Requirement:
From the entries below, reproduce exactly the line containing "UN refugee agency", the line containing "北海道七飯町の山や野原で採れる野草を自然乾燥させ、りんごを香り豊かに乾燥し", and every line in between, with nothing added.

Data to use:
===============

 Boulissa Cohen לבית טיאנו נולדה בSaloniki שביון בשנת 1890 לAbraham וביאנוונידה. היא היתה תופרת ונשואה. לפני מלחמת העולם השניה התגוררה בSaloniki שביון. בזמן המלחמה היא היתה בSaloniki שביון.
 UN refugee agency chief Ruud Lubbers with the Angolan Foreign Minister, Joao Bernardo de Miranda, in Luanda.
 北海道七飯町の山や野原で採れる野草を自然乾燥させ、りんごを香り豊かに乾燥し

===============

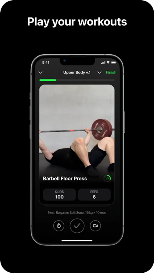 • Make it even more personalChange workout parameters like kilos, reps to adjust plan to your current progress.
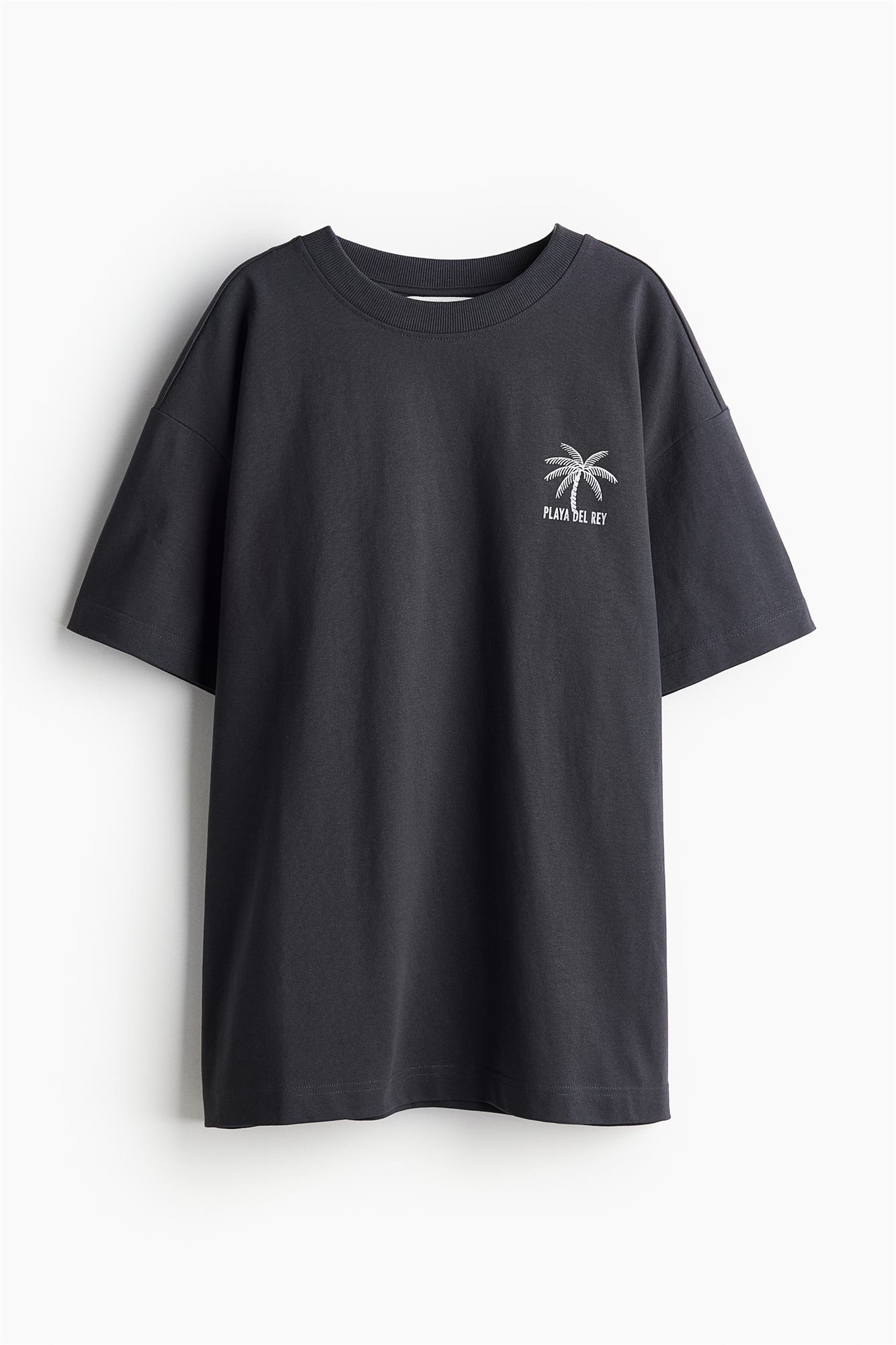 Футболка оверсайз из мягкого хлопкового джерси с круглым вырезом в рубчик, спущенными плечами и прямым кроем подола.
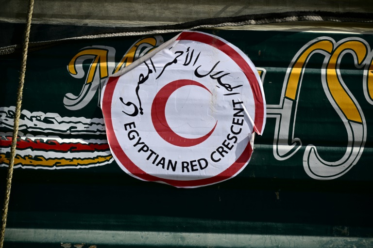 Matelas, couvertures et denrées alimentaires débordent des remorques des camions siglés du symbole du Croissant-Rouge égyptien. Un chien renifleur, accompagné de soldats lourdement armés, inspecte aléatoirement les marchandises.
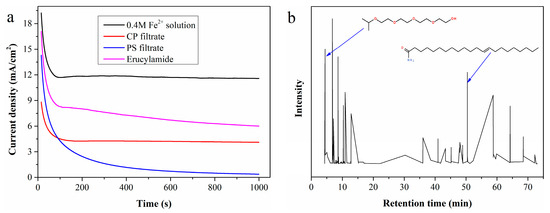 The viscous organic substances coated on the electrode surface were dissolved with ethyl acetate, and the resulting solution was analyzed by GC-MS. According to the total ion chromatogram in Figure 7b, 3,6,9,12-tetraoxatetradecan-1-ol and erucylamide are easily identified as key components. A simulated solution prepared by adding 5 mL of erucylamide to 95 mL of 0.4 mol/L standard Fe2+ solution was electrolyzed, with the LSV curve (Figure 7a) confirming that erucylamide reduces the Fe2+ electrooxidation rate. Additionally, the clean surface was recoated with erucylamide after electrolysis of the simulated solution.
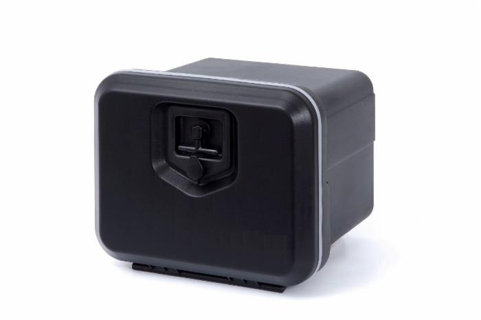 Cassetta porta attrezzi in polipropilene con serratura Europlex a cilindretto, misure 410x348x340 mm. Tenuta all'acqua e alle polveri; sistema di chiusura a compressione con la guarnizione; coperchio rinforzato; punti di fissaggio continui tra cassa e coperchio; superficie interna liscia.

===============

Problem solution:
 UN refugee agency chief Ruud Lubbers with the Angolan Foreign Minister, Joao Bernardo de Miranda, in Luanda.
 北海道七飯町の山や野原で採れる野草を自然乾燥させ、りんごを香り豊かに乾燥し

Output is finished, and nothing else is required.